= Pande Eftimov =

Pande Sotirov Eftimov (March 15, 1932-August 13, 2017) was a Bulgarian journalist, poet and publicist from North Macedonia. Though, he is considered an ethnic Macedonian in today North Macedonia.

== History ==
===Childhood and education===
Pande Eftimov was born in 1932 in the Prespa village of Pretor in the Kingdom of Yugoslavia, but today in present-day North Macedonia. He was the grandson of the revolutionary from the IMRO Pande Sudzhov, killed by the Yugoslav authorities in 1927. In 1943, as a child, Eftimov welcomed a Bulgarian delegation in Pretor, when Bulgarians entered this area, after the capitulation of Italy. After the war Eftimov graduated from the Faculty of Philology at the University of Skopje, then in Communist Yugoslavia.

===Journalism, prison, and death===
In 1956 he informed the Bulgarians about the finding of an important artifact called Bitola inscription. Eftimov photographed the stone slab and secretly carried the tape with the photos at the Bulgarian embassy in Belgrade. At that time he was appointed a teacher in the village of Lera, Bitola region. There he found part of the archives of the local Bulgarian school, which the Yugoslav authorities at the time had failed to burn. Later, the documents were handed over to Kosta Tsarnushanov, another publicist from Vardar Macedonia, living in Sofia. During his early journalistic years and later in life, Eftimov stated his belief that Bulgarians in Macedonia and the country itself has been losing its identity ever since the actions of the Yugoslavian government from the 1930's onward against Bulgarian peoples and due to the nation's geographical isolation from Bulgaria.

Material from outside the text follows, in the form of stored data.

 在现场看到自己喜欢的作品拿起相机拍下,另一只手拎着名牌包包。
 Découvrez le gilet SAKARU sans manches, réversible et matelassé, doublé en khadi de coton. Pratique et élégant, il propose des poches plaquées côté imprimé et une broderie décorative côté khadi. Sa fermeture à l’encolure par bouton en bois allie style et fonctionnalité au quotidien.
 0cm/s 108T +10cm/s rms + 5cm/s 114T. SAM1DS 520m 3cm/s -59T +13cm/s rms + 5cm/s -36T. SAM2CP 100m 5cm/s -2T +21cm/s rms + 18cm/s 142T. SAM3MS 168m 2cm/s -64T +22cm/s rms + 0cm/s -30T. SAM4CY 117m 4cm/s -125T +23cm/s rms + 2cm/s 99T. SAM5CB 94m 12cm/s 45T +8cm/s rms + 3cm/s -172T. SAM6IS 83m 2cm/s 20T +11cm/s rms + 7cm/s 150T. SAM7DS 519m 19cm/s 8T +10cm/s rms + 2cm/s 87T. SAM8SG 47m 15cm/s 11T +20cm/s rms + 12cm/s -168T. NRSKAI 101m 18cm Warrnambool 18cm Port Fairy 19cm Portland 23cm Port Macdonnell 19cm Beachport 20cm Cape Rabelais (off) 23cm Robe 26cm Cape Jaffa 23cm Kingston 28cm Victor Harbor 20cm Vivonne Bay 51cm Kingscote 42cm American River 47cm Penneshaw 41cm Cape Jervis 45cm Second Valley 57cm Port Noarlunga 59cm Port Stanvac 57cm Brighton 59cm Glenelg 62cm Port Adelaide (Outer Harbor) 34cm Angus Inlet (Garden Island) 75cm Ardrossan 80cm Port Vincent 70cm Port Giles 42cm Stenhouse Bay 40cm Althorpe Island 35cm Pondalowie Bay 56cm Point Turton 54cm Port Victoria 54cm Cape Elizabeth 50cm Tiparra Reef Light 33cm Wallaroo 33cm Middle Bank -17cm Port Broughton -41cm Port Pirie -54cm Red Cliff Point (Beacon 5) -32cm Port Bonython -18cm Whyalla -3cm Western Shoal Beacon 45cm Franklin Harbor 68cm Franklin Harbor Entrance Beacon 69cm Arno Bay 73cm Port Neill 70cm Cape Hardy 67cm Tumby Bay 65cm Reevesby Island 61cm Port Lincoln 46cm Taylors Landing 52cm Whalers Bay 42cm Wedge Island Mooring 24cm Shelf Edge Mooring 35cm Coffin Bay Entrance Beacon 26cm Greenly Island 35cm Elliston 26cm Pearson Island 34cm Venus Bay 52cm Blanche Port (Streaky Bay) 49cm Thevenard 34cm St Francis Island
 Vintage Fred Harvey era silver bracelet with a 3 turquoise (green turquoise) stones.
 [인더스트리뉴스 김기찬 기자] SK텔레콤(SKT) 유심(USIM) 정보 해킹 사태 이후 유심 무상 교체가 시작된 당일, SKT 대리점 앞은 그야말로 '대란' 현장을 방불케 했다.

He participated in different illegal groups seeking Macedonia's independence, as it was envisioned by the IMRO. For that he spent 7 years in prison: between 1957 and 1961, as well as from 1971 to 1974. Eftimov was arrested also many other times by the Yugoslavs. Meanwhile, he worked as journalist for the Skopje newspaper "Narodna Prosveta". After 1986 he participated in the process of forming the new VMRO-DPMNE party. In 2001 he published two books of poetry, printed in Bulgarian. In 2007 he received officially Bulgarian citizenship. He died on August 13, 2017, in Sofia. On June 25, 2018, he was posthumously awarded with the Order of Stara Planina for his exceptionally great merits in preserving the Bulgarian national heritage in Republic of Macedonia.